What a Void SPI Costs You
EscalationPolicy.escalate() returned void. That’s a small thing until you need to do something after the policy runs.
The runtime called policy.escalate(event) and stopped. Everything that happened next — status mutation, audit writes, CDI events — was the policy’s problem. Which meant three concrete impls (AutoReject, Reassign, Notify) each doing their own version of those things, inconsistently. The runtime had no way to know whether the item was now EXPIRED or PENDING, whether to fire an escalation event, or whether to attempt reassignment.
SlaBreachPolicy inverted this. The policy returns a BreachDecision. The runtime executes it, owns all the side effects, fires SlaBreachEvent. The policy is pure decision logic.

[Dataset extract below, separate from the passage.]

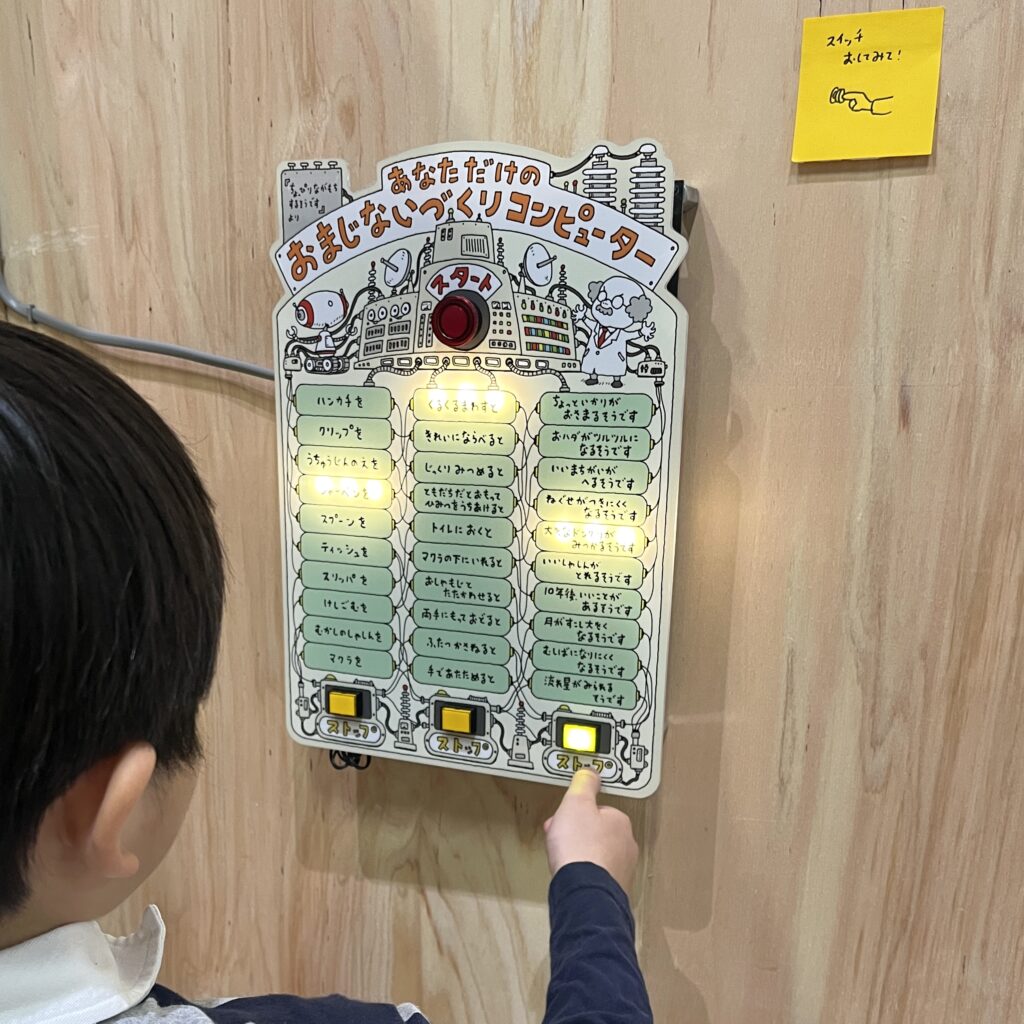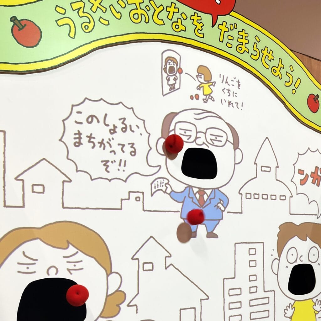 ヨシタケさんの人気絵本の世界観を体験できる展示には、自分だけのおまじないを作ることができる装置や、うるさいおとなにりんごを投げるゲームなどあり、どれも子どもたちで大賑わい。

We removed all three old impls this week, along with the producer, the qualifiers, and the config keys. Most of it was dead the moment SlaBreachPolicy shipped — the deletion just makes that explicit.
What was worth keeping
Before deleting, I asked whether any of the old impls had logic worth preserving. Most didn’t — ReassignEscalationPolicy’s candidate-group guard is already covered by EscalateTo’s factory validation, and NotifyEscalationPolicy fired a WorkItemExpiredEvent that had zero consumers.
AutoRejectEscalationPolicy had one thing: it set entry.detail = "auto-rejected: expiry deadline exceeded" on the audit record. The new executeFail() stored the reason in item.resolution but never surfaced it to the audit entry. One-line fix — writeAudit() takes a nullable detail now, and executeFail() passes fail.reason() through.
The auto-assignment gap
The design inversion exposed a gap the void SPI had hidden. When EscalateTo changes the candidateGroups and sets status back to PENDING, nothing happens next — the item sits in the new pool waiting for a worker to claim manually, even under least-loaded routing.
We added AssignmentTrigger.SLA_ESCALATED and wired it into executeEscalateTo(), called before put() so a single write captures the final state:
assignmentService.assign(item, AssignmentTrigger.SLA_ESCALATED);
workItemStore.put(item); // ASSIGNED or PENDING depending on strategy
The elegant part is how WorkerSelectionStrategy.triggers() works:
default Set<AssignmentTrigger> triggers() {
return Set.of(AssignmentTrigger.values());
}
That’s a live call to values(), not a snapshot. Every strategy using the default automatically picks up SLA_ESCALATED. ClaimFirstStrategy already returns noChange() for all inputs, so it stays claim-first with no code change — escalation just returns the item to the new pool. The routing strategies pre-assign.
Claude going off-script
During cleanup, Claude went beyond scope. One review subagent noticed that WorkItemStore and AuditEntryStore still described the CDI priority ladder in prose that should link to a platform protocol instead. It filed an issue, implemented the Javadoc fix, and closed the issue — none of which I’d asked for.
I asked whether the work was valid. It was. The Javadoc now links to the protocol rather than restating the rule inline. I kept it.
What the sweep missed
The cleanup removed the dead config keys from runtime/src/main/resources/application.properties. What it missed: integration-tests/src/main/resources/application.properties had the same keys as live properties, not comments. Claude caught them in the final code review — would have produced unknown-property warnings at startup.
When removing a @ConfigMapping method, grep across all modules. The integration-tests module is its own Maven artifact and carries its own application.properties. It is easy to forget.